1.7 RSV-specific IgA in the nasal and BAL fluid of PLGA-RAg+WCL nanoparticle vaccine cotton rats

ELISAs were performed according to kit manufacturer’s instructions. Indirect ELISAs were used to quantify IgA in the nasal and BAL fluid. Indirect ELISAs were also used to determine the immunogenicity of the RSV F proteins prior to encapsulation and following release from the PLGA nanoparticles. For the IgA quantification, ELISA plates were coated overnight at 4 ℃ with 3 μg/mL F protein, or with 100 μl/well of RSV stock (～10⁵ TCID50) . For the immunogenicity studies, the ELISA plates were coated overnight at 4 ℃ with 5μg/mL total of the F protein (2.5 μg/mL of each) , with ～5 μg/mL of the RSV F proteins that had been encapsulated and released from the PLGA nanoparticles, or with 100 μl/well of RSV stock (～10⁵ TCID50) . Negative control wells were coated with 100 μl/well cell culture media prepared from uninfected HEp-2 cells. Nasal fluid samples were diluted 1: 2 and treated with 10mM dithiothreitol (DTT) for 1 hour at 37 ℃ prior to performing the ELISAs. BAL samples were diluted 1: 2 but were not treated with DTT. Serum samples were diluted 1: 1000. All samples were plated in duplicates, incubated for 2 hours at room temperature and then washed. Sheep anti-rat IgA-HRP (Bethyl Laboratories) was used at 0.5 μg/mL. Sheep anti-rat IgG-HRP (Bethyl Laboratories) was used at 0.5 μg/mL for the immunogenicity experiments. Plates were developed using Pierce 1-Step Ultra TMP Substrate (Termo Scientifc Pierce) . The reaction was stopped with the addition of 0.2M H₂SO₄ and plates were read at an optical density of 450nm and 540nm using an automated plate reader.

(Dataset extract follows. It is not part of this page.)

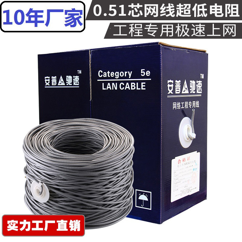 Огнестойкий сетевой кабель Anpu категории 5, инженерный сетевой кабель, чистая медь, 300-метровая коробка, линия мониторинга витой пары национального стандарта

1.8 Cytokine secretion in supernatants from rats alveolar macrophages

A multiplex immunoassay (Invitrogen) was used to quantify cytokine secretion in supernatants from rats alveolar macrophages. IL-17A, IFNγ, IL-6, IL-1β and TNFα Set ELISA Development kits were purchased from King fisher Biotech, Inc. The bovine IL-4 ELISA kit was purchased from Termo Fisher Scientific ELISAs were performed according to kit manufacturer’s instructions. Indirect ELISAs were used to quantify IgA in the nasal and BAL fluid. Indirect ELISAs were also used to determine the immunogenicity of the BRSV F and G proteins prior to encapsulation, and following release from the CPTEG: CPH nanoparticles. For the IgA quantification, ELISA plates were coated overnight at 4 ℃ with 3μg/mL F or G protein, or with 100 μl/well of BRSV stock (～10⁴ TCID50) . For the immunogenicity studies, the ELISA plates were coated overnight at 4 ℃ with 5μg/mL total of the F and G protein (2.5 μg/mL of each) , with ～5μg/mL of the BRSV F and G proteins that had been encapsulated and released from the CPTEG: CPH nanoparticles, or with 100 μl/well of BRSV stock (～10⁴ TCID50) . Negative control wells were coated with 100 μl/well cell culture media prepared from uninfected BT. Nasal fluid samples were diluted 1: 2 and treated with 10mM dithiothreitol (DTT) for 1 hour at 37 ℃ prior to performing the ELISAs. BAL samples were diluted 1: 2 but were not treated with DTT. Serum samples were diluted 1: 1000. All samples were plated in duplicates, incubated for 2 hours at room temperature and then washed. Sheep anti-bovine IgA-HRP (Bethyl Laboratories) was used at 0.5 μg/mL. Sheep anti-bovine IgG-HRP (Bethyl Laboratories) was used at 0.5μg/mL for the immunogenicity experiments. Plates were developed using Pierce 1-Step Ultra TMP Substrate (TermoScientifc Pierce) . The reaction was stopped with the addition of 0.2M H₂SO₄ and plates were read at an optical density of 450nm and 540nm using an automated plate reader

1.9 RSV F-Specific ELISA

Individual serum samples were assayed for the presence of RSV F-specific IgG by enzyme-linked immunosorbent assay (ELISA) . ELISA plates (MaxiSorp 96-well, Nunc) were coated overnight at 4 ℃ with 1 μg/ml purified RSV F in PBS. After washing (PBS with 0.1%Tween-20) , plates were blocked with Superblock Blocking Buffer in PBS (Thermo Scientific) for at least 1.5 hours at 37 ℃. The plates were then washed, serial dilutions of serum in assay diluent (PBS with 0.1%Tween-20 and 5%goat serum) from experimental or control cotton rats were added, and plates were incubated for 2 hours at 37 ℃. After washing, plates were incubated with horse radish peroxidase (HRP) -conjugated chicken anti-cotton rat IgG (Immunology Consultants Laboratory, Inc, diluted 1: 5,000 in assay diluent) for 1 hour at 37 ℃. Finally, plates were washed and 100 μl of TMB peroxidase substrate solution (Kirkegaard &Perry Laboratories, Inc) was added to each well. Reactions were stopped by addition of 100μl of 1M H₃PO₄, and absorbance was read at 450 nm using a plate reader. For each serum sample, a plot of optical density (OD) versus logarithm of the reciprocal serum dilution was generated by nonlinear regression (GraphPad Prism) . Titers were defined as the reciprocal serum dilution at an OD of approximately 0.5 (normalized to a standard, pooled sera from RSV-infected cotton rats with a defined titer of 1: 2500, that was included on every plate) .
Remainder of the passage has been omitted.